For example, company executives and other privileged users are often granted far-reaching access to network resources and web applications that power the business. While it’s important to assume positive intent, there have been numerous examples of legitimate, elevated access being abused (whether voluntarily or involuntarily) to make unauthorized changes or misuse data, or of users being social engineered to help attackers.

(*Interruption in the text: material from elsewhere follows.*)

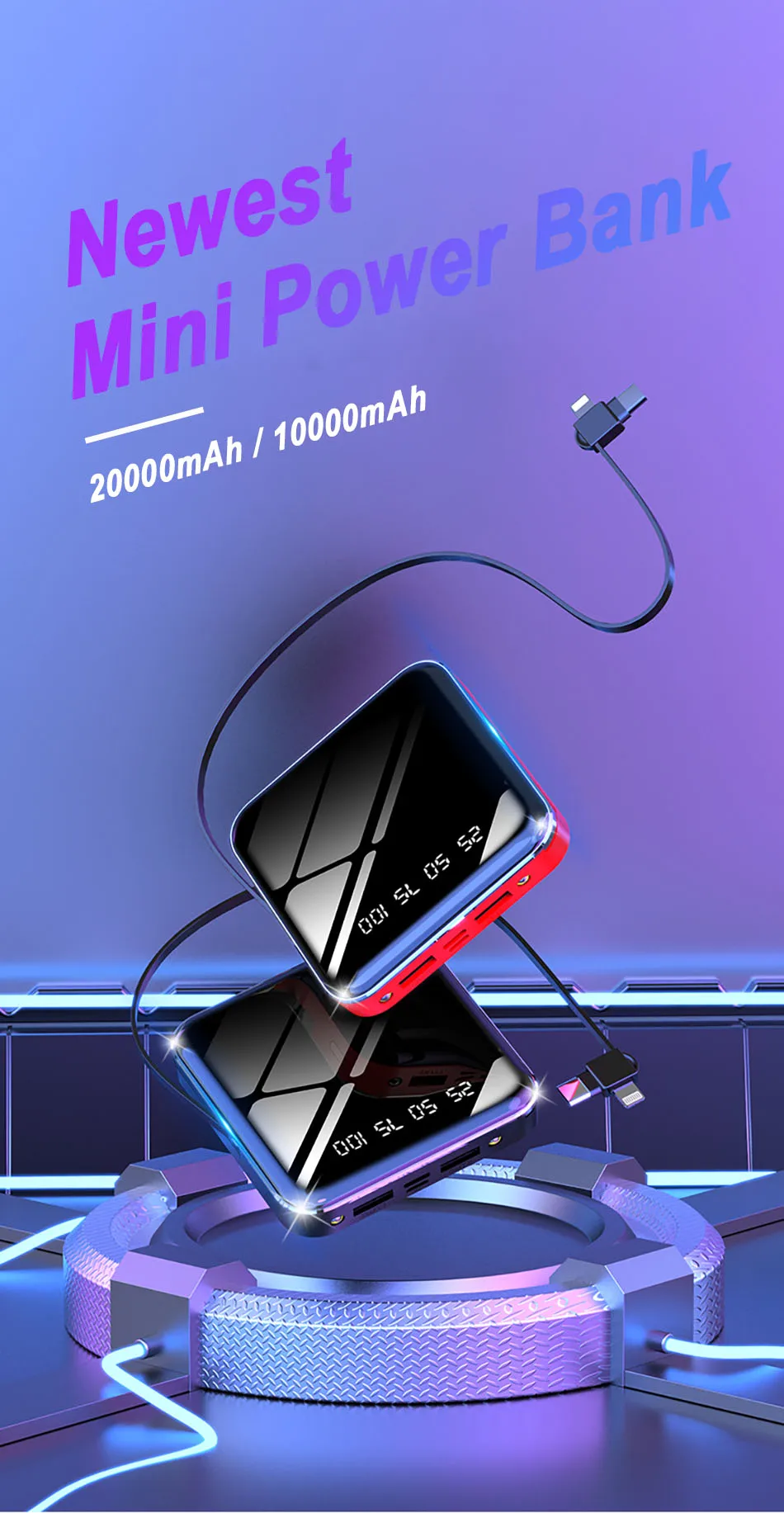 Внешний мини-аккумулятор с цифровым дисплеем, 20000 мАч, 10000 мАч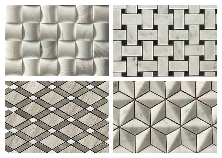 描述:石材馬賽克是將天然石材開介、切割、打磨成各種規(guī)格、形態(tài)的馬賽克塊拼貼而成的馬賽克,是最古老和傳統(tǒng)的馬賽克品種,最早的馬賽克就是用小石子鑲嵌、拼貼而成,石材馬賽克具有純自然、天然的質(zhì)感,有非常自然的天然石材紋理,風(fēng)格自然、古樸、高雅,是馬賽克家族中檔次最高的種類,根據(jù)其處理工藝的不同,有啞光面和亮光面兩種形態(tài),規(guī)格有方形、條形、圓角形、圓形和不規(guī)則平面、粗糙面等。用這種材料裝飾墻壁或者地面,既保留了天然石材本身的質(zhì)樸感,又使圖案豐富。 天然大理石馬賽克是采用機(jī)切成很小顆粒,純手工拼制而成,由于馬賽克材料具有耐久性,不會因環(huán)境時間而剝落、變色,屬于高檔裝飾產(chǎn)品,色澤純正,典雅大方,具有經(jīng)久耐用、永不褪色的特點(diǎn)。廣泛應(yīng)用于各類建筑裝修、室內(nèi)裝飾,是理想的高檔裝飾產(chǎn)品。

Such threats can exist at every level of the business, according to CyberArk research. In most organizations (70 percent), an average business user has access to more than 10 business applications, many of which contain high-value data such as financial records, customer information and intellectual property. Eighty percent of organizations report employee misuse or abuse of business application access within the last year. Yet 48 percent say they have limited visibility and control over how employees are actually using web apps due to disparate controls across the spectrum of applications and sessions, making it difficult to identify and attribute risky behavior.

Of course, security incidents can stem from human error or be unintentional. But investigation can be difficult and take time, resources and the right tools. Security teams are often forced to sift through thousands of lines of logs and manually re-trace users’ steps. And this isn’t a once-in-a-while problem — 54% of organizations investigate security or compliance-related user incidents every week. 

Apart from the importance of securing credentials and access, there’s broad consensus around the need for greater visibility into user activity, especially as SaaS application usage skyrockets and more high-value data migrates to the cloud. Fortunately, by layering additional security controls to the Single Sign-On (SSO) they already use, organizations can better protect user activity within web applications by:

  • Recording steps taken within protected application sessions and easily trace unauthorized configuration changes via keyword searching — without impacting the user experience
  • Continuously validating that the person who initiated the web session is indeed the person using the application
  • Speeding investigations and unmasking insider threats before data is changed, copied, or stolen

Don’t limit access protections to your organization’s front door. As privileged access permeates across user populations amid the shift to cloud, adding layers of security via monitoring and protecting in-app user sessions is also imperative.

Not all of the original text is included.